After removing every image, reproduce the data exactly as it appears.

§ **Information shown**:
--

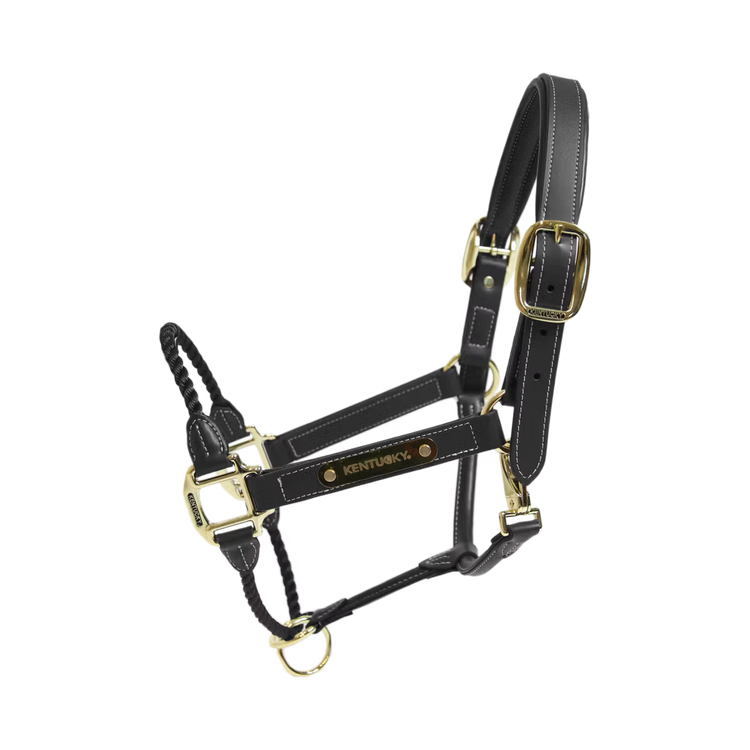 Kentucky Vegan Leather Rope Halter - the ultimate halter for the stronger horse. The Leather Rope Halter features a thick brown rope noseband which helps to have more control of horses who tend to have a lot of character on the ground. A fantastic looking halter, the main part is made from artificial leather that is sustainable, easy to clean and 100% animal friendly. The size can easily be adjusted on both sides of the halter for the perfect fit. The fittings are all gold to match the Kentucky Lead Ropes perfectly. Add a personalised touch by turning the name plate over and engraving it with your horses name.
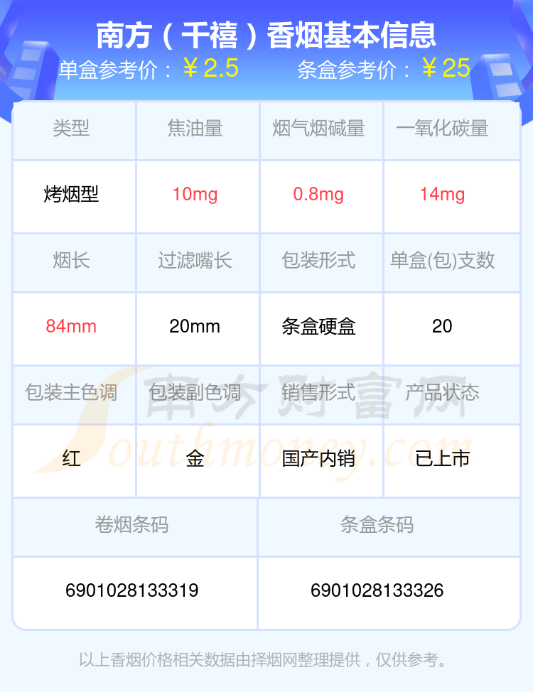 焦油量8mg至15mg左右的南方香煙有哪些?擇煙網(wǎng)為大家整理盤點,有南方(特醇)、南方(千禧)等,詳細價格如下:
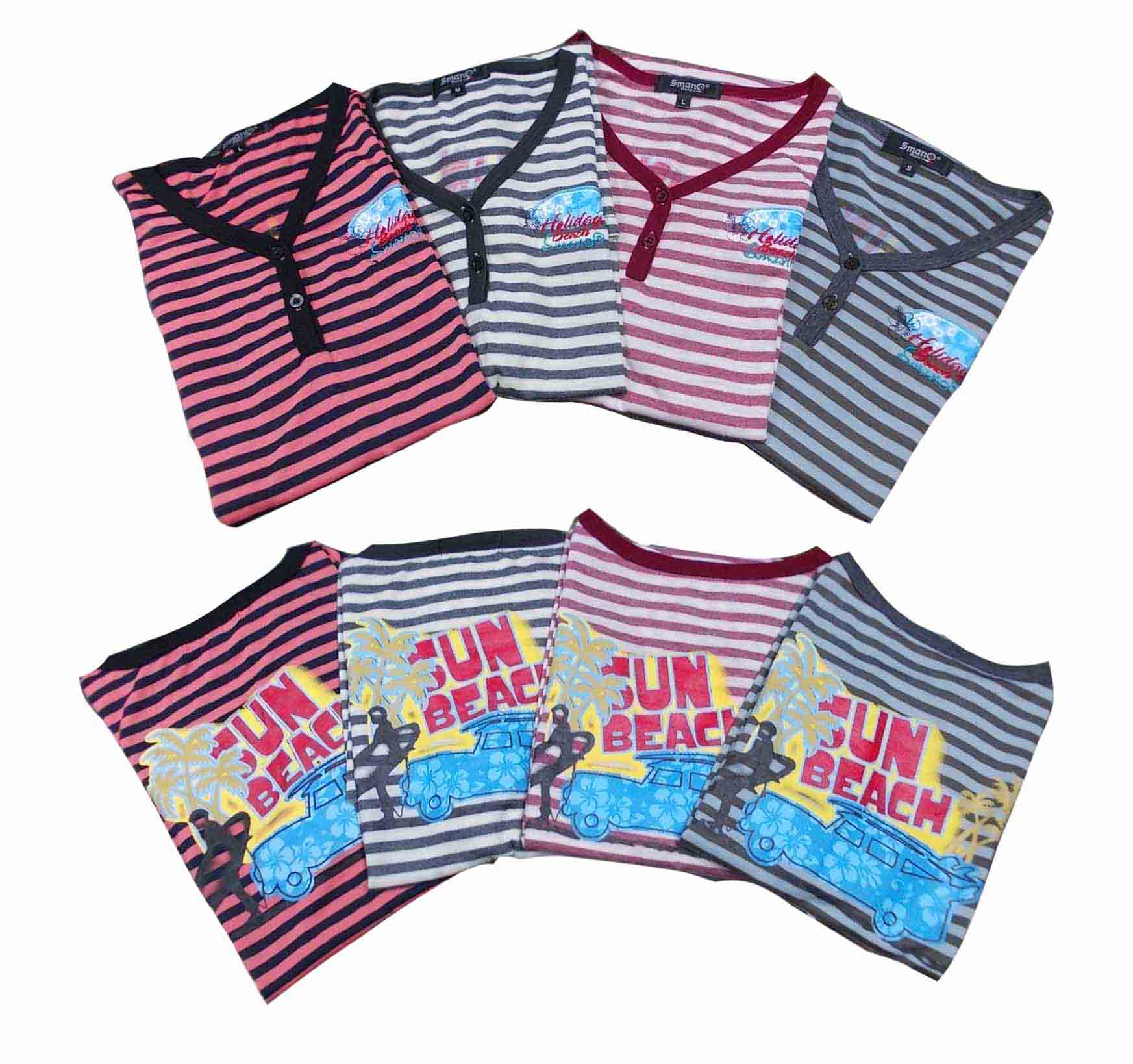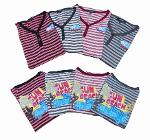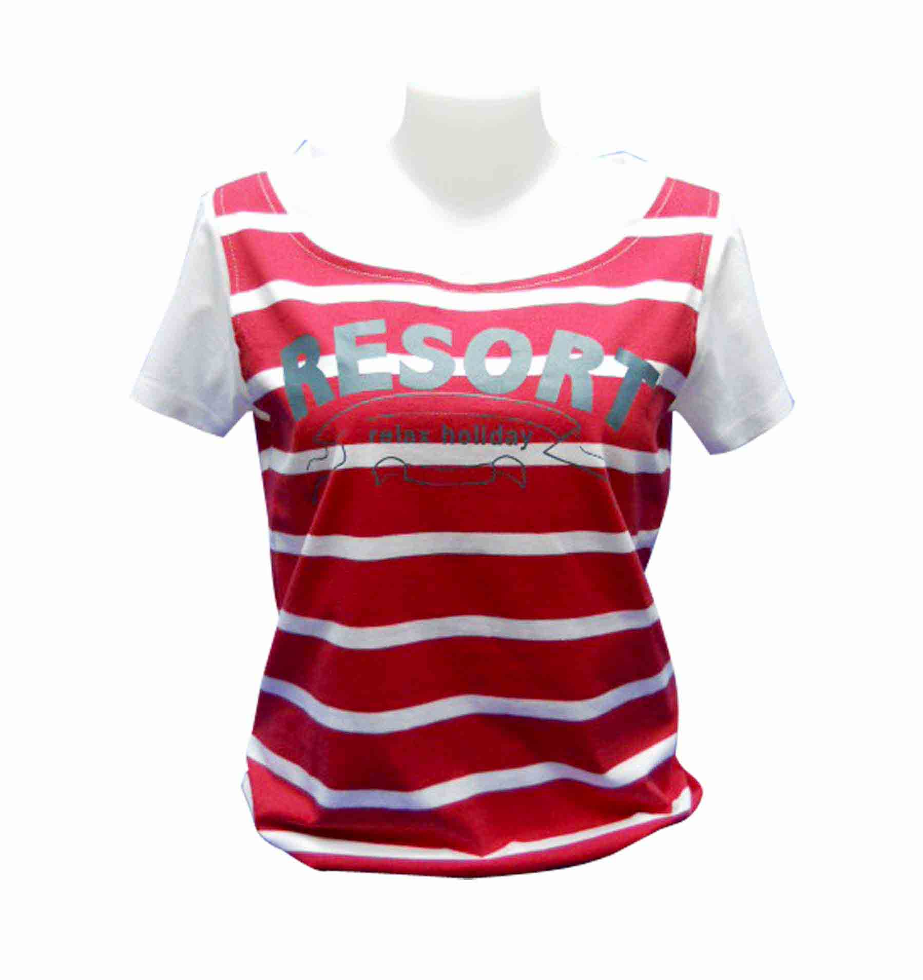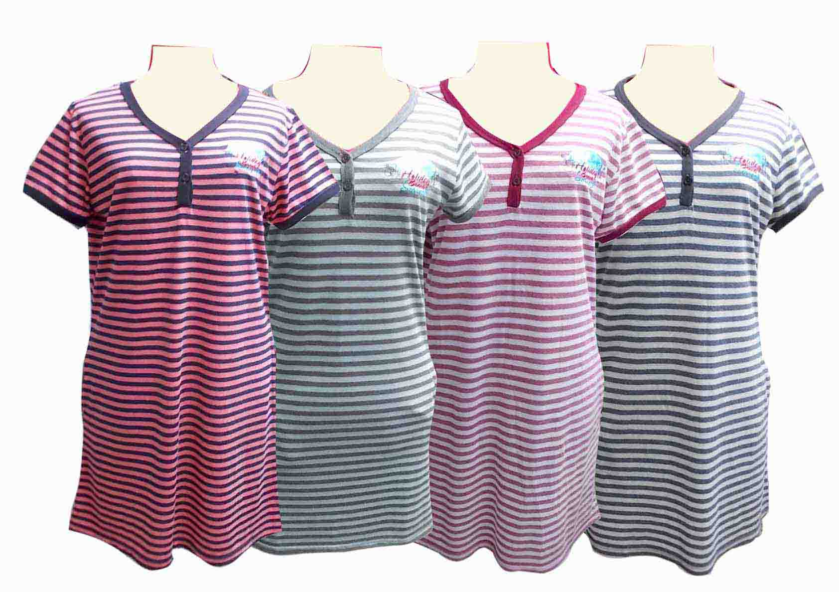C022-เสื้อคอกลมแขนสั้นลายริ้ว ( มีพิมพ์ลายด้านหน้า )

--

§ **Solution below**:
 Kentucky Vegan Leather Rope Halter - the ultimate halter for the stronger horse. The Leather Rope Halter features a thick brown rope noseband which helps to have more control of horses who tend to have a lot of character on the ground. A fantastic looking halter, the main part is made from artificial leather that is sustainable, easy to clean and 100% animal friendly. The size can easily be adjusted on both sides of the halter for the perfect fit. The fittings are all gold to match the Kentucky Lead Ropes perfectly. Add a personalised touch by turning the name plate over and engraving it with your horses name.
 焦油量8mg至15mg左右的南方香煙有哪些?擇煙網(wǎng)為大家整理盤點,有南方(特醇)、南方(千禧)等,詳細價格如下:
C022-เสื้อคอกลมแขนสั้นลายริ้ว ( มีพิมพ์ลายด้านหน้า )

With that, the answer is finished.